▶ **Assignment**
Omit the pictures and extract only the lines from the line containing "英超官方在赛后宣布,萨卡以33%得票率被球迷票选为本场比赛的全场最佳球员。" to the end of the material, each exactly as written.

▶ **Information provided**
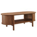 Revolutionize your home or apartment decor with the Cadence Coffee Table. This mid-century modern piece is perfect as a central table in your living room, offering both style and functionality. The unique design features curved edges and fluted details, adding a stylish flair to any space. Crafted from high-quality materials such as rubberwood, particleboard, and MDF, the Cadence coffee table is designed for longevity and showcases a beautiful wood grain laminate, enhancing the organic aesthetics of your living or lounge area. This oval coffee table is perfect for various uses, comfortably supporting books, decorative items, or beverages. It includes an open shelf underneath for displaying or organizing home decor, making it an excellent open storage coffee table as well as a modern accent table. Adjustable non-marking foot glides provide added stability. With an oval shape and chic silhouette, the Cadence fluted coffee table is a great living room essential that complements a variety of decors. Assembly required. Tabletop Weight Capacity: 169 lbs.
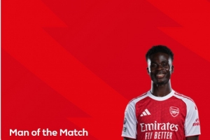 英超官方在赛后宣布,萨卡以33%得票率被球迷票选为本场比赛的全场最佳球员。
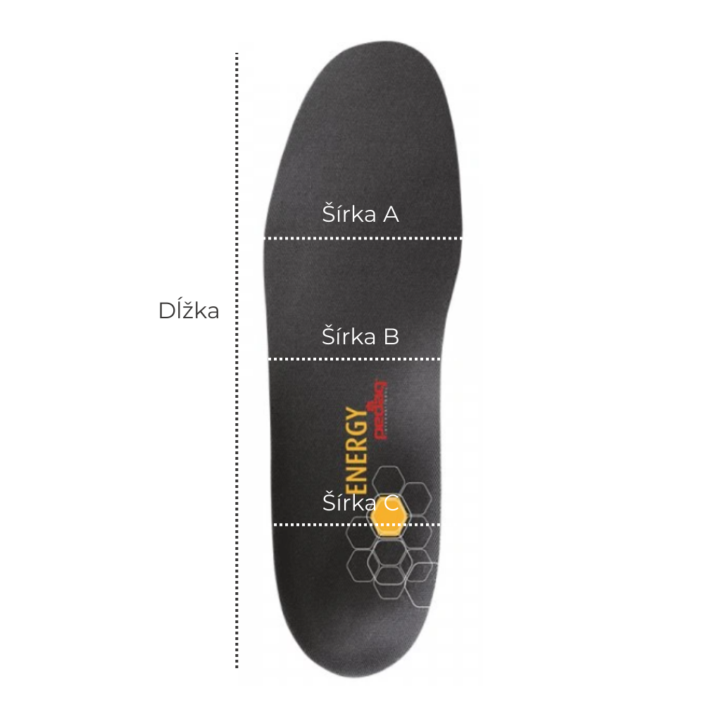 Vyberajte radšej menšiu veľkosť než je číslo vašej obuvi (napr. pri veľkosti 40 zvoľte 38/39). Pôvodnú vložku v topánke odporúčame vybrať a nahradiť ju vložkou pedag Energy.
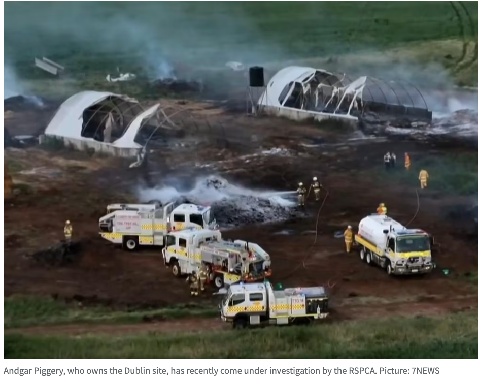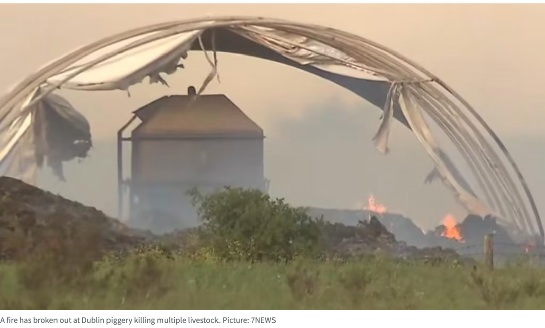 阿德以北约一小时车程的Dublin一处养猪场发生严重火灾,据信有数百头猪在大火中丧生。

▶ **Task result**
 英超官方在赛后宣布,萨卡以33%得票率被球迷票选为本场比赛的全场最佳球员。
 Vyberajte radšej menšiu veľkosť než je číslo vašej obuvi (napr. pri veľkosti 40 zvoľte 38/39). Pôvodnú vložku v topánke odporúčame vybrať a nahradiť ju vložkou pedag Energy.
 阿德以北约一小时车程的Dublin一处养猪场发生严重火灾,据信有数百头猪在大火中丧生。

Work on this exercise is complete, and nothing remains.